I’m finding the contentedness of a person who is finally finding her footing. I’m realizing that I may cry because it is cold (word from the wise: tears streaming down your face only makes you colder), but I’m focusing on those moments that are wonderful. Like finding a wine store across the street, or walking to work in 15 minutes, creating an inviting home with a wonderful roommate (of whom I met online), or buying winter boots that make the snow less scary…
But just when you think life feels all sorted… love gets in the way, or maybe it was like; regardless it happened (retrospectively) in the best kind of way. This evening, I read this, and it just felt right:
Sometimes the rug getting ripped out from underneath you is the best thing that can happen to you. It keeps you grounded. It makes you appreciate what you have. It also gives you a heavy dose of humility. So if I had one piece of advice, it’s to love as hard as you can. Give today everything you have. It’s better to feel worn out at the end of the day from being the best person you possibly could have been than calling in for a mediocre day – via The Better Man Project
And so, with humility of someone who has had my fair share of rugs getting ripped out from under me: I come at life giving everything I have. I’m shaking off mediocrity and finding the pure joy in, well, this life I have created.
The everyday is great like that.
I am tired. I realised this as I was having lunch with a friend. She pointed it out.
And I told her, “I am still scared.”
Today, Twizzlers came from the parents. And she said, “at least there were Twizzlers.” I shared them with joy.
And yesterday, I drank deeply of a cappuccino.
But whats weird? I am still happy. I am not falling into a pit of despair.

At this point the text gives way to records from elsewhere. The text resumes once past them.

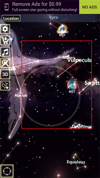 3、繼續(xù)切換界面,查看包含Vulpecula等星座的區(qū)域,同時留意顯示的星云標(biāo)識。
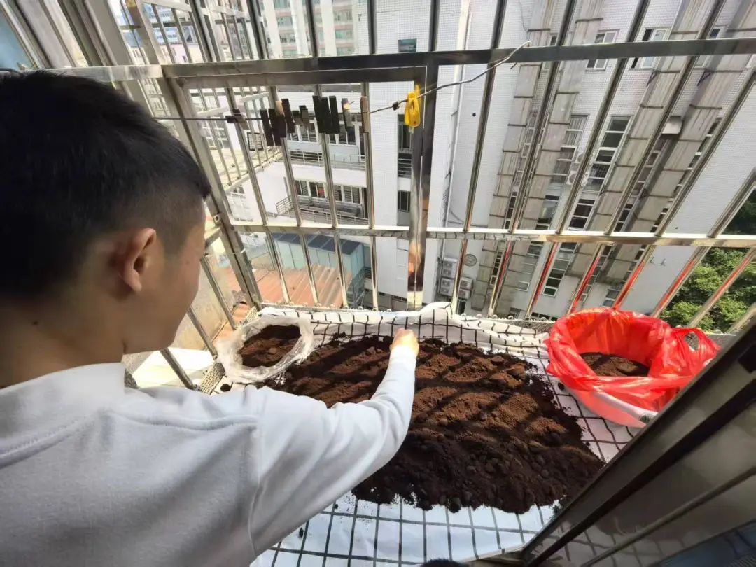 在社工和社区居委的组织下,志愿者们前往瑞幸门店,细心收集其产出的咖啡渣,并将这些带着淡淡焦香的褐色粉末带回家进行晾晒,让其开启为期七天的“日光SPA”。
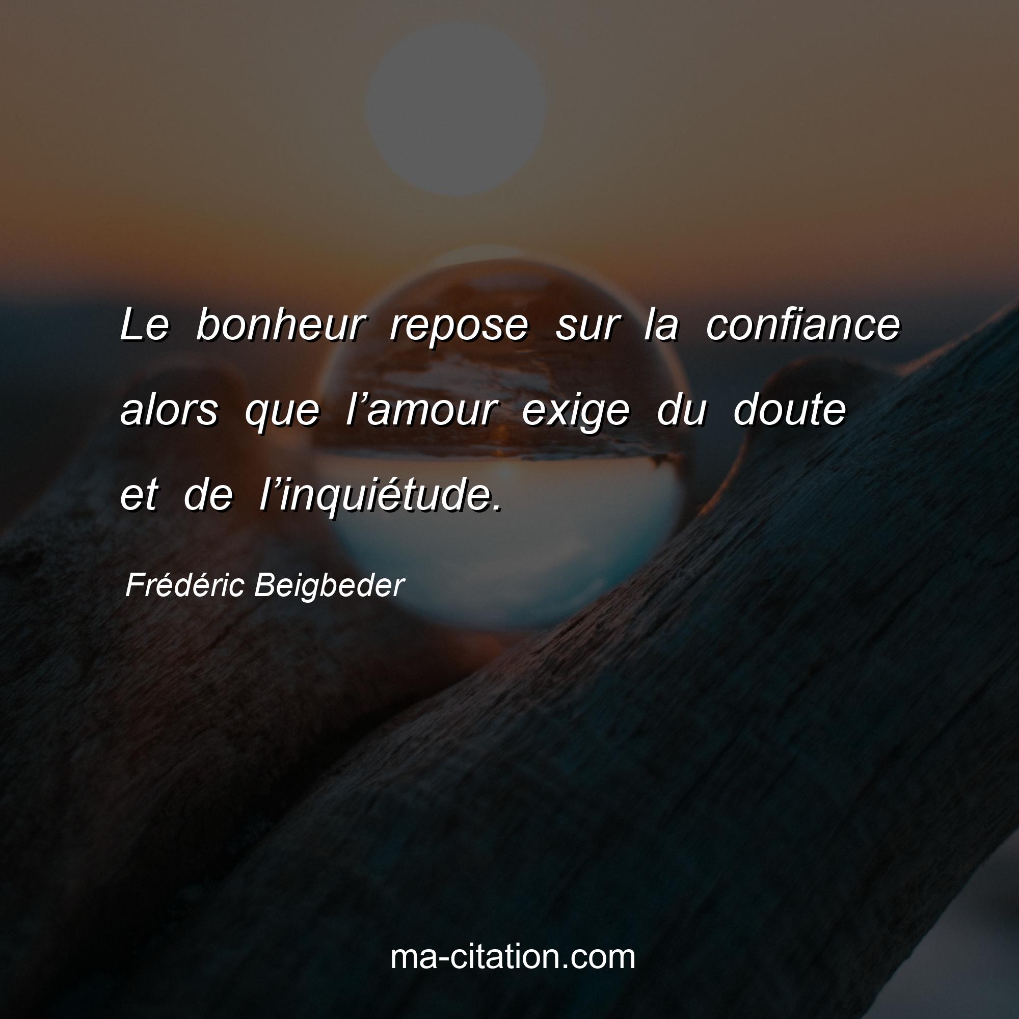 Citation sur la vie de Frédéric Beigbeder :Le bonheur repose sur la confiance alors que l’amour exige du doute et de l’inquiétude.
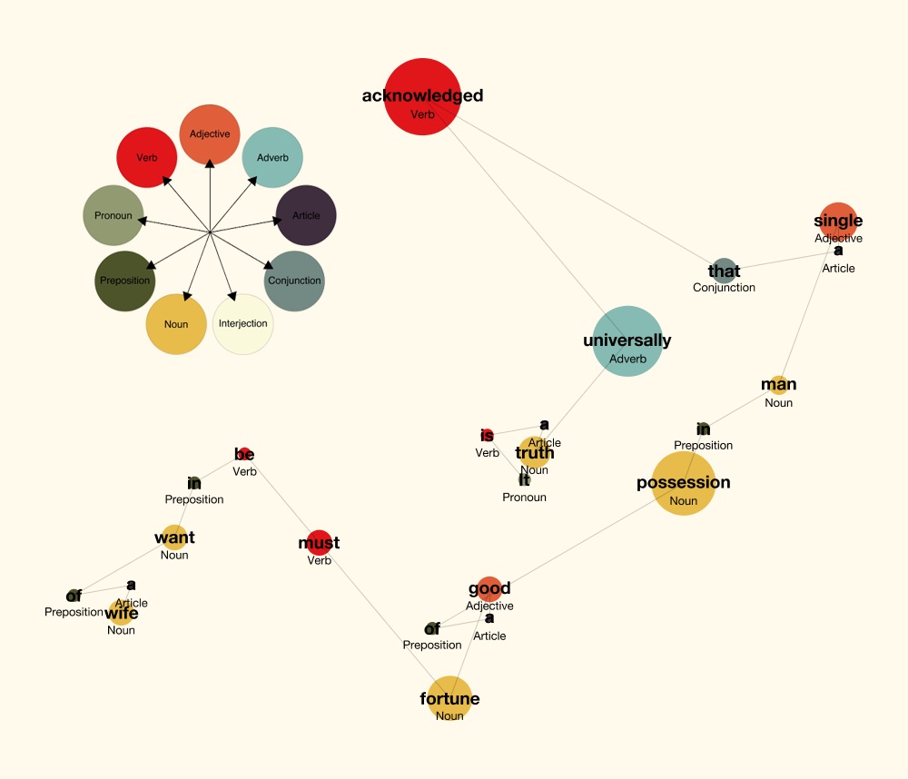 The same is true for Nicholas Rougeux, who employs Austen’s language and words as the basis for his literary experimentation. Rougeux is a Chicago-based multimedia artist, who has created digitally enhanced artworks using Austen’s texts. One Austen-inspired artwork was for a series entitled Literary Constellations (2017). He explains Literary Constellations as a series of posters designed to resemble constellation maps, but, instead of being based on real stars, the posters map first sentences from chapters of famous classic stories. Rougeux created constellations from the words of the first sentences of the first chapters of classic texts to draw paths based on word length and part of speech. Each part of speech is assigned a color; the length of the word determines the diameter of the circle. The directions of lines between the circles were based on what was being connected: noun, verb, adjective, etc. Rougeux used Jane Austen’s works as his first attempts in this experiment; ultimately, he felt shorter texts worked better and did not continue with Austen, but he did share his early attempt with me.
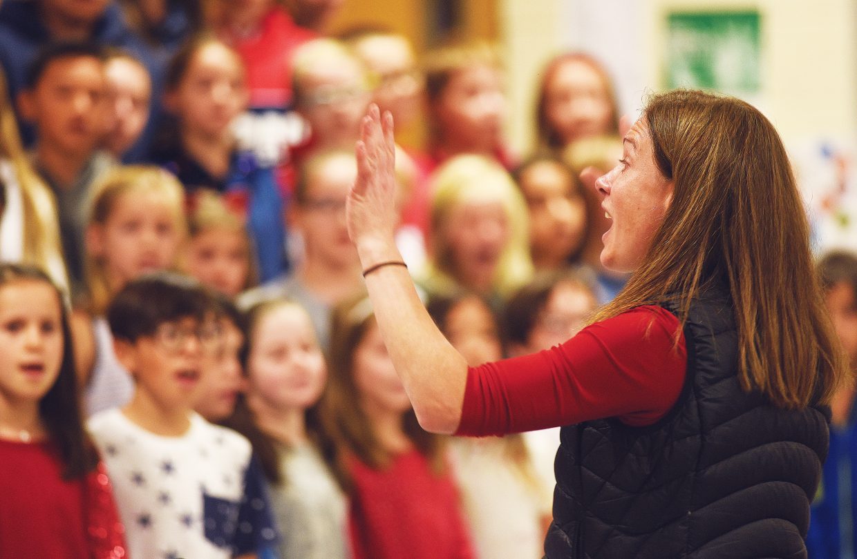Strawberry Park Elementary School music teacher Corinne Sommerfeld leads her students in a music-filled program honoring the Routt County men and women who have served our country. (Photo by John F. Russell)
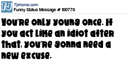 X You're only young once. If you act like an idiot after that, you're gonna need a new excuse.
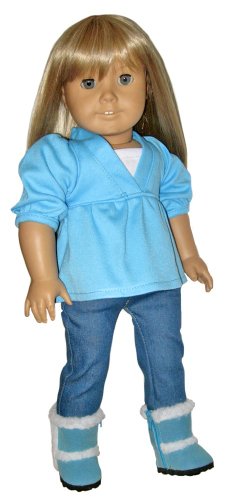 Turquoise boots, Knit Top, and Jeans. Doll Clothes fit 18" American Girl Dolls. Review
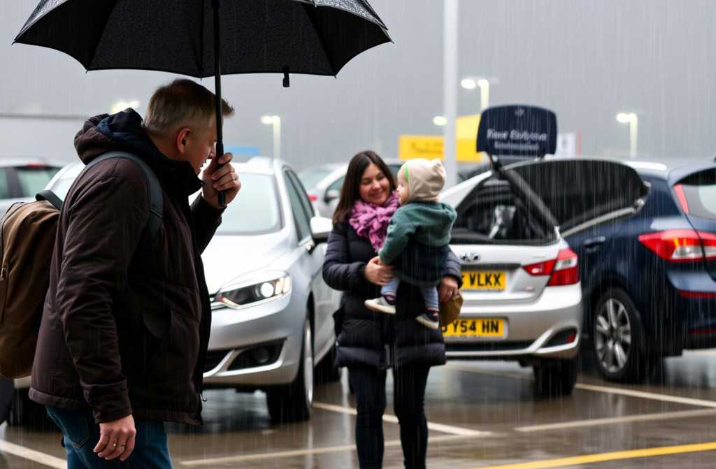 Mijał już ostatnie budynki przed portem lotniczym, gdy nagle dostrzegł kobietę stojącą pod ścianą wody z małym dzieckiem na rękach. Przez chwilę walczył z pokusą, by nie zwalniać i jechać dalej, lecz sumienie zwyciężyło. Zatrzymał samochód, wysiadł i podszedł do niej.
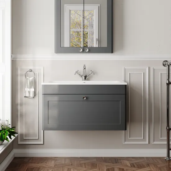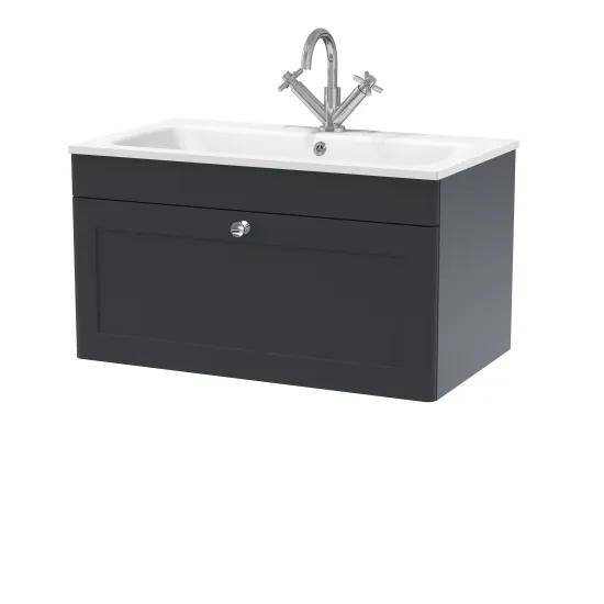 nuie Classique Wall Hung 1 Drawer Vanity Basin Unit & 1 Tap Hole Stone Basin, 800mm - Soft Black
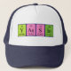 Yassin spelled out as Y As S In (Yttrium Arsenic Sulphur Indium) on a hat for the scientist in you.

I am at a place where my happiness isn’t based on circumstance but rather purpose.
I have found my purpose, my calling. And there are moments when I laugh, and forget the fear and remember the purpose. It’s what drives me.
The fear? It’s not taking over. I mean, it’s there… at the pit of my stomach, the edges of my subconscious. But I push forward by admitting the fear – I loudly acknowledge it. And then I laugh over dinner with friends; warm fires with wine. And I purposely get through my list of tasks. Happily knowing that this isn’t my forever, and that today I can trust that my purpose is bigger than my fear.